The sonographic criterion of real-time 'visualization of moving microbubbles' had an excellent correlation with MCU [Figure - 1]. There were no false positive and two false negatives with this criterion. 'Increase in dilatation' during injection was found to be less sensitive, specific and accurate for t he detection of reflux. There were thirteen false positives and five false negatives with this criterion. This was in contrast with the findings of Schneider et al [12], who found the 'separation of the central renal echo complex' to be more sensitive (87.2%) than the 'visualization of bubbles' in the ureter (73%).

False Positive on ECS

Of the thirteen false positive results for criterion 1 [Figure - 2], two patients had previously undergone radionuclide cystography and were found to reflux. Radionuclide studies in the past have revealed reflux in patients with a negative MCU [19][20][21]. It is also well established that reflux is an intermittent phenomenon and hence the continuous monitoring during voiding in a radionuclide study is more likely to detect reflux than the brief glimpses at fluoroscopy. Because sonography permits a prolonged period of observation throughout bladder filling [13],[15], it is quite possible that our 'false positives' may actually be 'true-positives'. Similar high false positivity at sonography has been reported by other workers [15],[17]. The use of MCU as the 'gold standard' has therefore been questioned [22]. Because of absence of radionuclide studies in the entire study group, it is difficult to come to a definite conclusion.

False Negatives on ECS

There were two false negative results common to both sonographic criteria. The first patient was a one-year-old boy with high anorectal malformation and crossed fused renal ectopia who had right Grade II reflux on MCU The second patient was a ten-month-old boy with a high anorectal malformation whose right kidney was not visualized at sonography. MCU revealed a grade III reflux into a low-lying dysplastic right kidney. The inability to detect reflux in these patients can be explained by the technical difficulty involved in sonographic visualization of a malrotated or malpositioned kidney, especially when it is associated with dysplasia or reflux nephropathy [Figure - 3].

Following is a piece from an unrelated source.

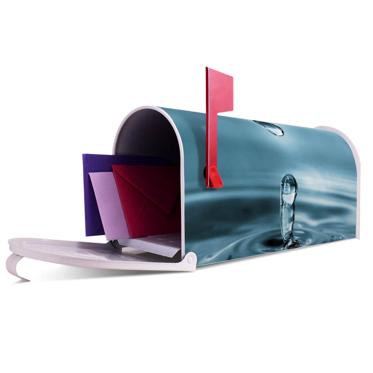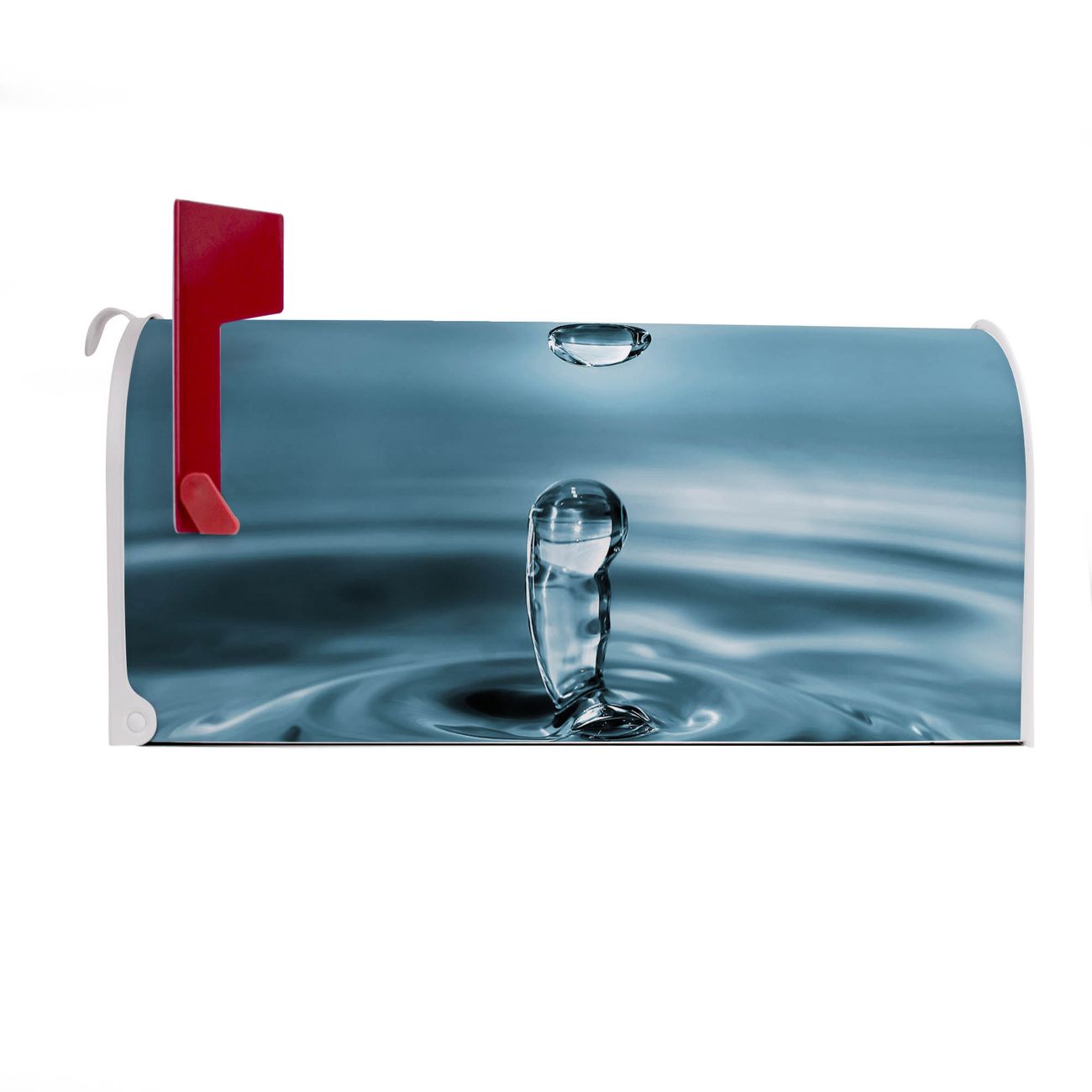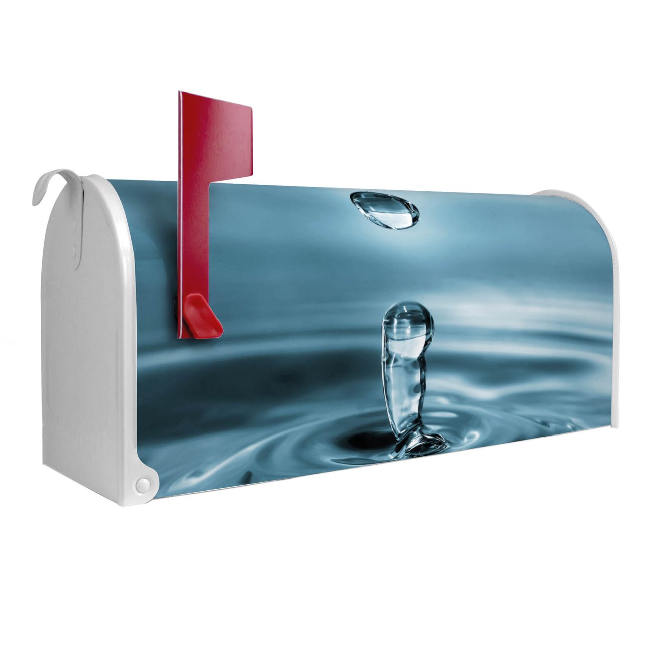Der amerikanische Briefkasten von banjado mit Wassertropfen Motiv bietet Ihnen ausreichend Fassungsvermögen, um große A4 Sendungen und Zeitschriften zu empfangen. Die typisch amerikanische rote Fahne zeigt Ihnen an, wenn Sie Post erhalten haben. Die US-Mailbox besteht aus verzinktem Stahlblech welches lackiert wurde und ist 48 x 22 x 16 CM (BxHxT) groß. Die Folie mit Motiv Wassertropfen besteht aus einer wetter- und UV-resistenten Folie, die mit einem Schutzlaminat überzogen ist, sodass die US Mailbox zusätzlich vor Kratzern geschützt ist. An der Unterkante sind 4 Löcher je Seite um die Mailbox, typisch amerikanisch, an einem Holzpfahl oder einem Zaun zu befestigen. Auf Wunsch können Sie bei uns den passenden Standfuß oder die passende Wandhalterung kaufen um die US-Mailbox sicher zu befestigen. Wir bieten Ihnen ebenfalls Namensschilder, bereits beschriftet oder frei zu beschriften, und verschiedene selbst gestaltete Bitte-Keine-Werbung-Aufkleber.

Criterion I gave three additional false negative results. Two of these patients had gross left hydroureteronephrosis [Figure - 4]. No further dilatation was observed during injection although moving microbubbles were clearly visualized. Both showed Grade V reflux on MCU.The third patient had a compact PCS on baseline sonography [Figure - 5]. ECS showed air bubbles in the PCS without accompanying dilatation and grade III reflux was seen on MCU. We believe that increase in dilatation alone is not a reliable sonographic sign in both grossly dilated and compact systems. Visualization of moving microbubbles is confirmatory for reflux in these cases.

Limitations of the study

In this study, sonographic evaluation of VUR was performed during the filling phase only. Therefore reflux occurring only during voiding could be missed by this technique. A very rapid and forceful injection of air during ECS may cause pain to the patient. Care should therefore be taken that the injection of air is slow, gentle and not more than 5-10 ml per 5-7 seconds. Commercially prepared, stable, echogenic contrast media are now available to overcome this disadvantage [15][16][17][18]. Cystosonography necessitates urethral catheterization, which may be an unpleasant procedure for the child. To obviate the need for instrumentation. Color Flow Dopper sonography is currently being evaluated as an alternative [23]. Grading or reflux is difficult with this technique and no standard grading system is as yet available. Also, the delineation of bladder and urethral anatomy is poor as compared to MCU. The technique is highly operator dependent and the development of expertise involves a learning curve.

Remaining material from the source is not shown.